The Prime Minister of Rwanda, Anastase Murekezi presenting the government’s industrial activities to parliament on Monday unveiled textile development strategy as the government has committed itself to develop local textile firms and phase out second hand garments in the next three years.
To discourage consumption of imported products, the government has decided to increase taxes up to 100% on second hand products – especially garments and leather products – starting the next fiscal year until they get off the market.
However, discouraging importation must be accompanied by improving local textile industry for which the government is helping Rwanda’s textile firm (UTEXRWA) to produce more and better quality garments and grouping small tailors into firms.
He further added that they provided a particular space for textile firms at the Special Economic Zone and they are encouraging private sector to invest in textile industry.
The government will also encourage the production of raw materials such as silk to further reduce Rwanda’s trade deficit which widened by 12.7% in January and February.
A statement from the central bank shows that the country’s trade deficit widened to $297.2 million (about Rwf232.4 billion) largely due to an increase in formal imports that rose by about 7.2%, as well as a 9.7% decrease in the value of Rwanda’s exports.
PM Murekezi said that they want to increase threads production from 10 tonnes in 2015 to over 600 tonnes in the next three years.

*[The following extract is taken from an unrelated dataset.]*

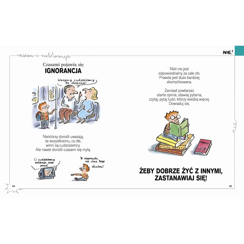 Książka tłumaczy czym jest rasizm, pokazując, że każdy z nas ma prawo do szacunku. Uczy świadomego podejścia do bycia ciekawym, otwartym i tolerancyjnym. Oswaja z uczuciami, które możemy odczuwać, spotykając się z innością – zdziwieniem, zakłopotaniem, agresją, ignorancją , nieufnością i nienawiścią. Pokazuje, jak te uczucia oswoić i co zrobić, aby stać się otwartym na inność drugiego człowieka . Pomaga lepiej żyć razem. Uczy także, że rasizm jest przestępstwem ! Prosta forma graficzna , rysunki i krótkie teksty sprawia, że już najmłodsze dzieci mogą same ją czytać Dla rodziców,nauczycieli i wychowawców może być przydatnym wsparciem w rozmowie.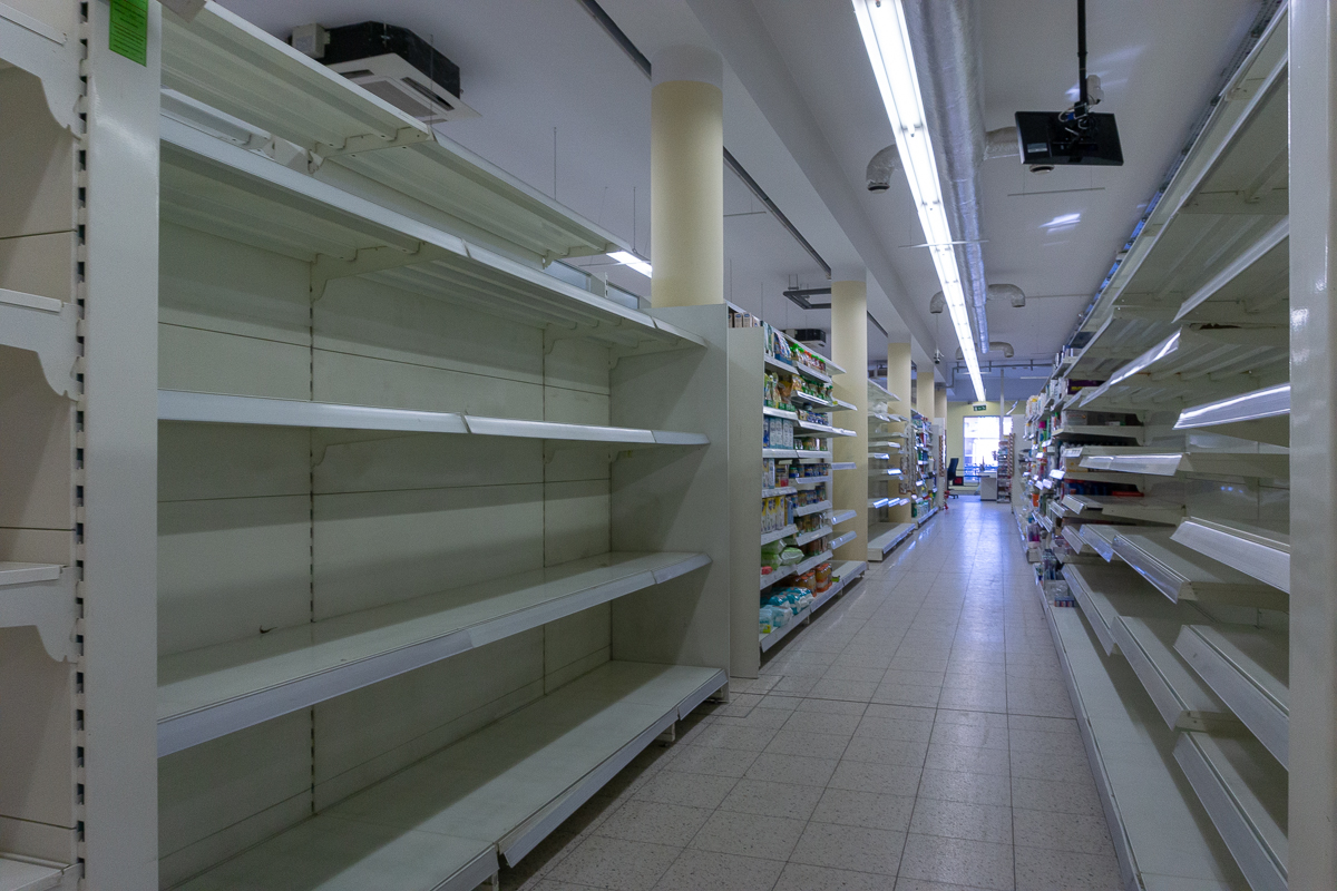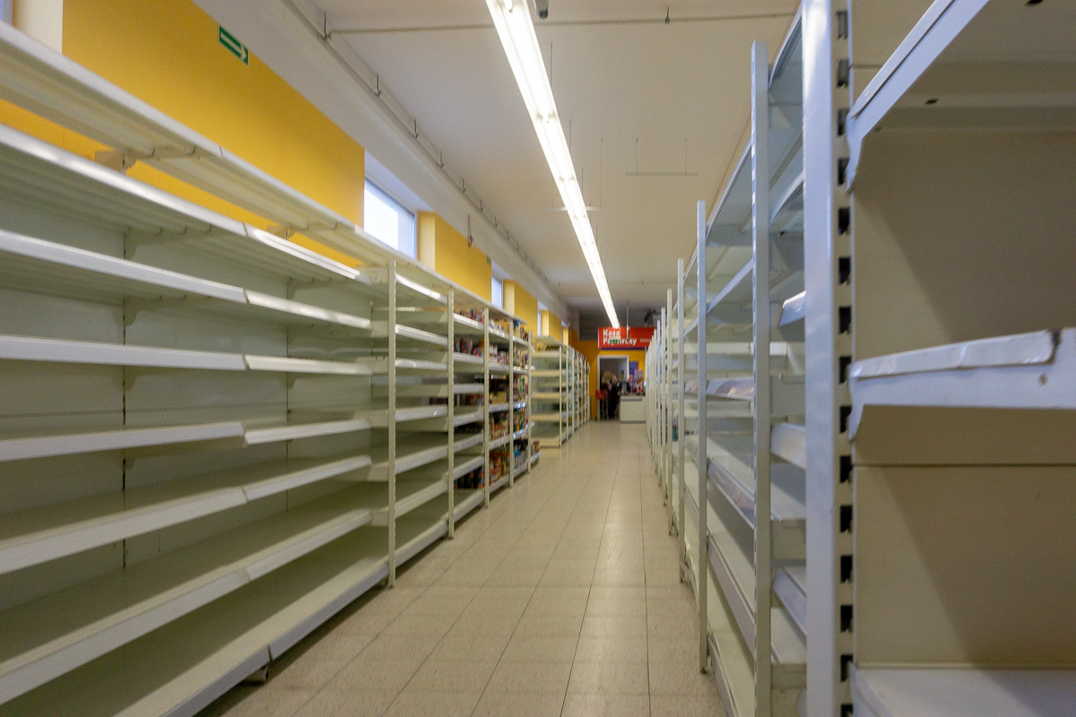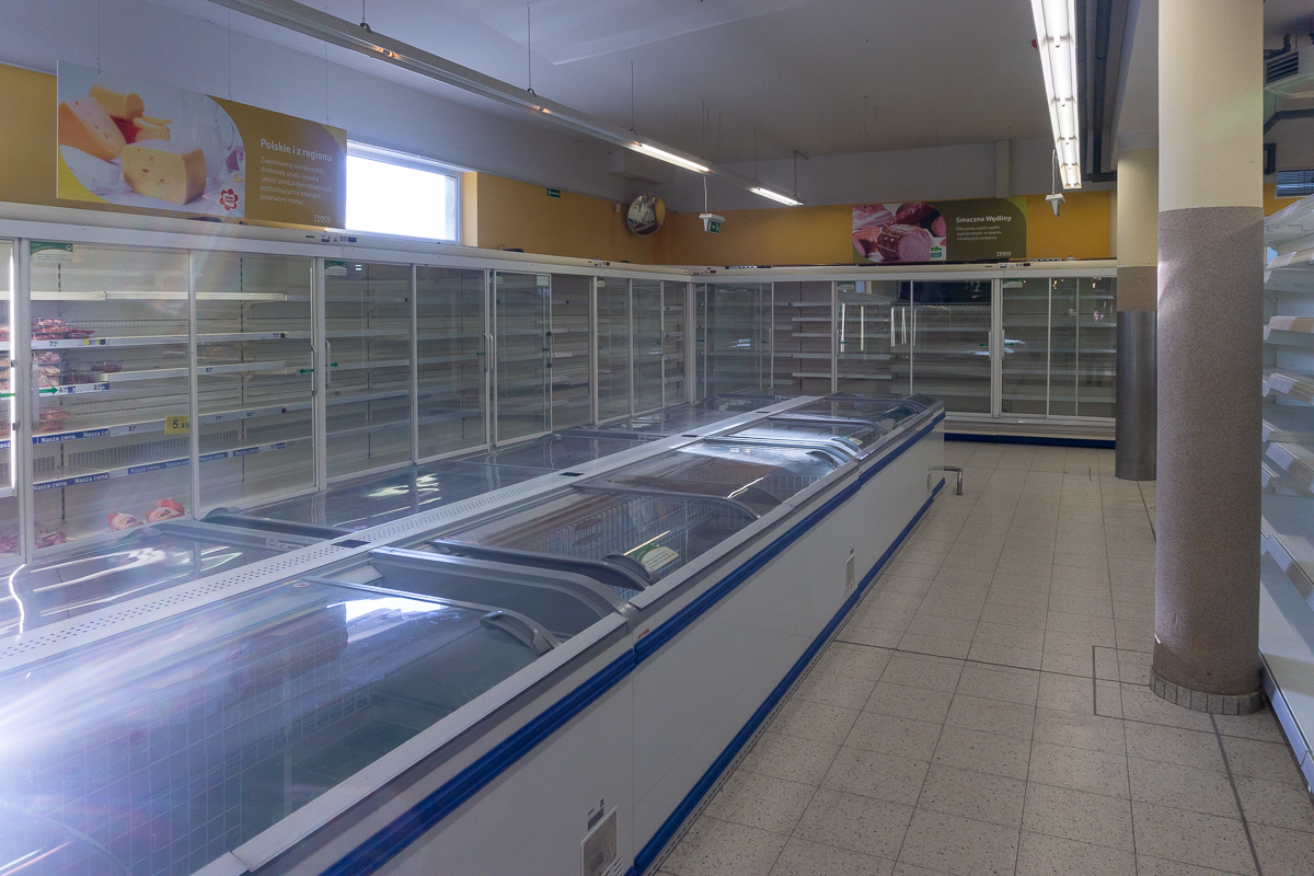 Puste półki, dwoje klientów – tak wyglądał sklep Tesco na 3 dni przed ostateczną likwidacją. Przed wejściem pożegnalna tablica.

They are also mobilizing Rwandans to love locally made products through the ‘Made in Rwanda’ campaign,”
There are at least 900 firms in the country with the dominance of the small ones at 77 %. Big and medium firms represent 9% and 14% respectively. Challenges facing local industries in general include heavy costs of water and electricity which is also insufficient.
The industrial sector grew by 7% annually from 2010 to 2015, while Rwanda’s exports increased from $544 million to $1.1 billion in the same period. It increased by 18% annually on average.